**Your instructions**
Each line below must be transcribed exactly, and no picture may appear in the transcription.

**Information provided**
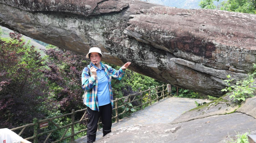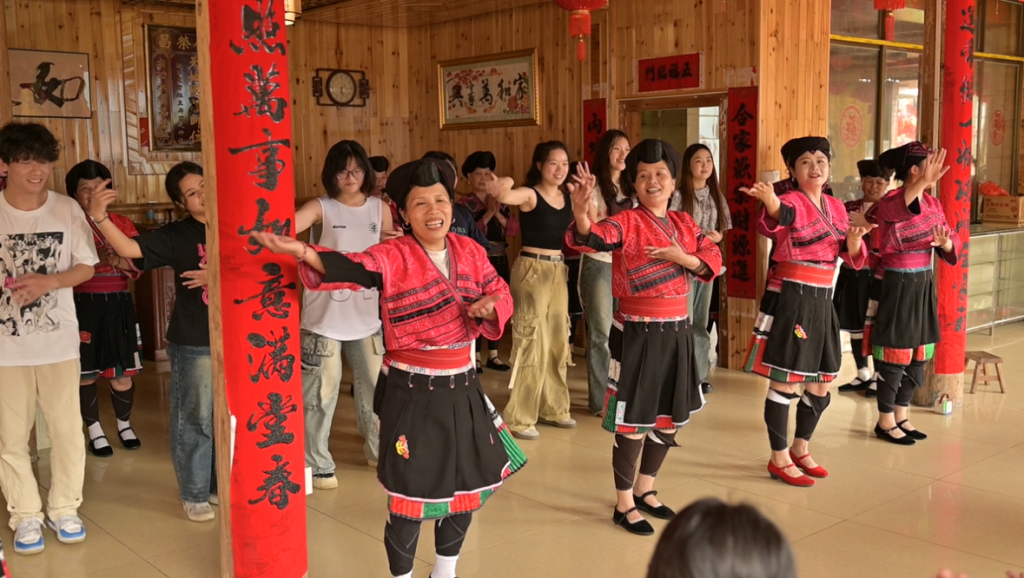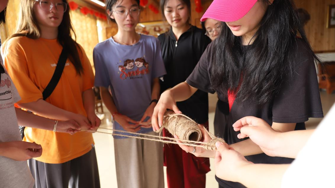 在白面瑶寨红军岩,团队成员仔细聆听龙胜军民鱼水情的生动故事。寨子里,古朴的木制“半边楼”整齐地立在半山腰的斜坡上,红瑶博物馆、旅游步行道、停车场以及污水处理、村寨亮化等设施应有尽有,当地阿叔阿嫂端出自制的油茶、点心欢迎研学团队的到来,在这里,团队成员学习编织草鞋,与当地民众一道载歌载舞,感受少数民族文化,深刻感悟党的民族政策的优越性,见证了改革发展给少数民族地区带来的伟大成果。
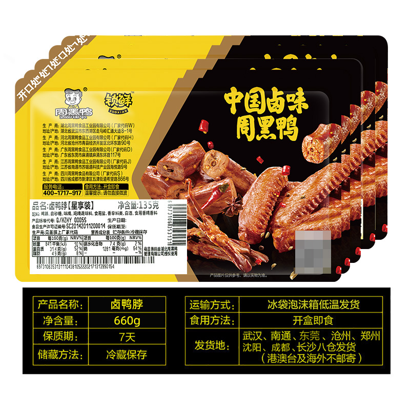 > 【周黑鸭旗舰店_锁鲜】甜辣鸭脖鸭锁骨鸭翅新鲜5盒套餐 卤味零食
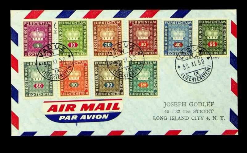 Liechtenstein 1950 Officials 10c on airmail cover from Vaduz to Long Island City NY USA (Image)

**Finished exercise**
 在白面瑶寨红军岩,团队成员仔细聆听龙胜军民鱼水情的生动故事。寨子里,古朴的木制“半边楼”整齐地立在半山腰的斜坡上,红瑶博物馆、旅游步行道、停车场以及污水处理、村寨亮化等设施应有尽有,当地阿叔阿嫂端出自制的油茶、点心欢迎研学团队的到来,在这里,团队成员学习编织草鞋,与当地民众一道载歌载舞,感受少数民族文化,深刻感悟党的民族政策的优越性,见证了改革发展给少数民族地区带来的伟大成果。
 > 【周黑鸭旗舰店_锁鲜】甜辣鸭脖鸭锁骨鸭翅新鲜5盒套餐 卤味零食
 Liechtenstein 1950 Officials 10c on airmail cover from Vaduz to Long Island City NY USA (Image)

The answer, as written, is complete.